▶ [Given information]:
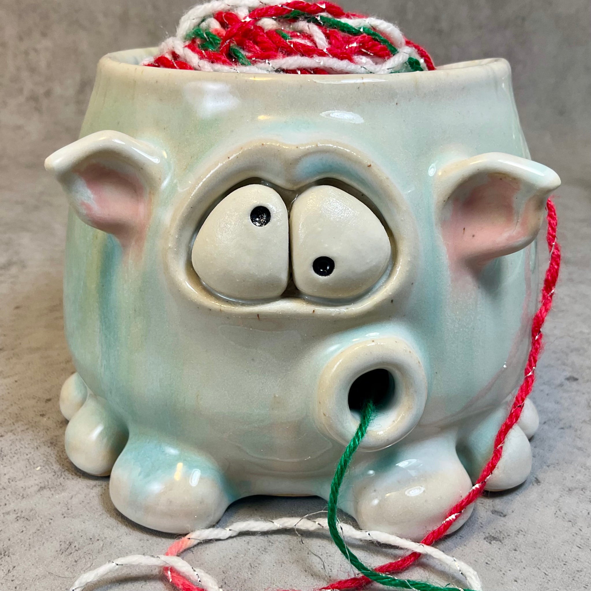 Yarn Yeti are a careful design to assist your fiber arts endeavors. Keep your yarn carefully corralled and protected from your kitties and dust bunnies. There is a precise spiral hook to keep your strand in place as well as peripheral holes for color work. It's weighty and substantial with the intent for sturdiness.
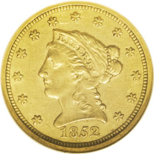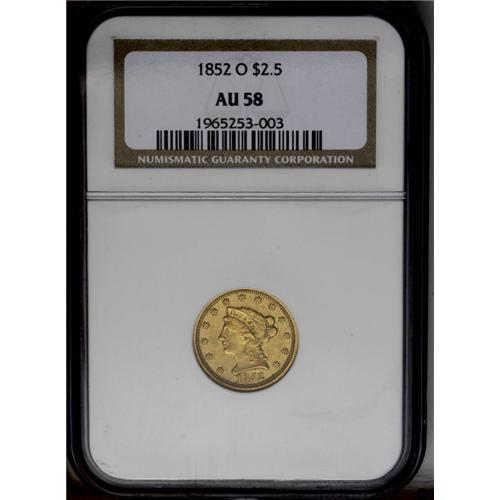 <B>1852-O<$2 1/2> AU58 NGC.</B></I> A moderately scarce issue, this piece is typical with softly impressed central details. Relatively clean for the grade with pronounced, muted green-gold color overall. Conditionally elusive in AU, rare in Mint State.
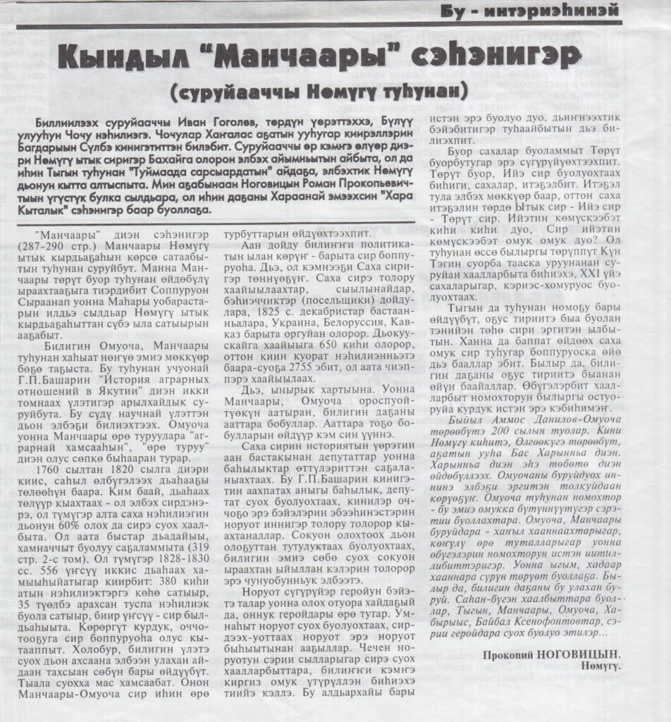 Хаҥалас хаһыат 2011 сыллаах таһаарыытыгар Прокопий Ноговицын Кындыл «Манчаары» сэһэнигэр (суруйааччы Нөмүгү туһунан) диэн ыстатыйатын билиһиннэрэбит.

▶ [Work to be completed]: Write the listing above out again word for word, excluding all images.

▶ [Answer to the problem]:
 Yarn Yeti are a careful design to assist your fiber arts endeavors. Keep your yarn carefully corralled and protected from your kitties and dust bunnies. There is a precise spiral hook to keep your strand in place as well as peripheral holes for color work. It's weighty and substantial with the intent for sturdiness.
 <B>1852-O<$2 1/2> AU58 NGC.</B></I> A moderately scarce issue, this piece is typical with softly impressed central details. Relatively clean for the grade with pronounced, muted green-gold color overall. Conditionally elusive in AU, rare in Mint State.
 Хаҥалас хаһыат 2011 сыллаах таһаарыытыгар Прокопий Ноговицын Кындыл «Манчаары» сэһэнигэр (суруйааччы Нөмүгү туһунан) диэн ыстатыйатын билиһиннэрэбит.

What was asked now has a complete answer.